**EXERCISE DESCRIPTION:** At the line with "Hoog getailleerde geribbelde", start transcribing; stop after the last line of the data below. Keep it exact and leave pictures out.

**DATA BELOW:**
======

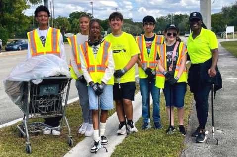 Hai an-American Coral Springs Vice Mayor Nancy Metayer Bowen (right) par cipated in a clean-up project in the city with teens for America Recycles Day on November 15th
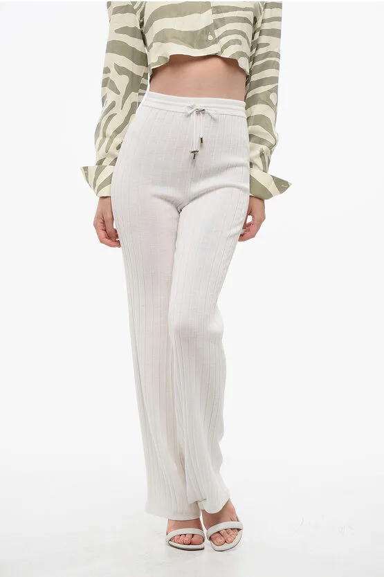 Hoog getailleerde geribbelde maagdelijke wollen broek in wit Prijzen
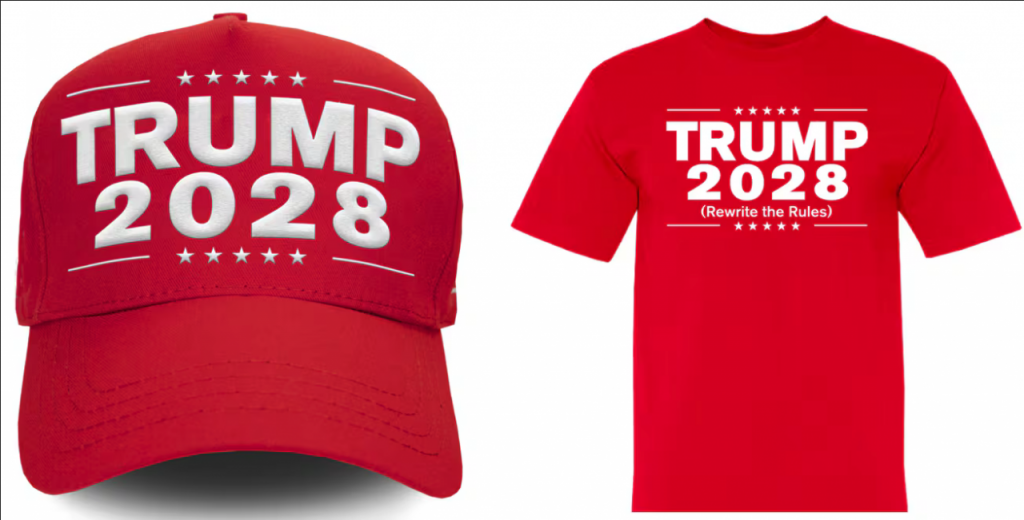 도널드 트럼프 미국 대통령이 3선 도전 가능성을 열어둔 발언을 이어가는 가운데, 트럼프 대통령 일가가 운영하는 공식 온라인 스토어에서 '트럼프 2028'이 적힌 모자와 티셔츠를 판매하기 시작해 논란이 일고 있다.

======

**EXERCISE RESULT:**
 Hoog getailleerde geribbelde maagdelijke wollen broek in wit Prijzen
 도널드 트럼프 미국 대통령이 3선 도전 가능성을 열어둔 발언을 이어가는 가운데, 트럼프 대통령 일가가 운영하는 공식 온라인 스토어에서 '트럼프 2028'이 적힌 모자와 티셔츠를 판매하기 시작해 논란이 일고 있다.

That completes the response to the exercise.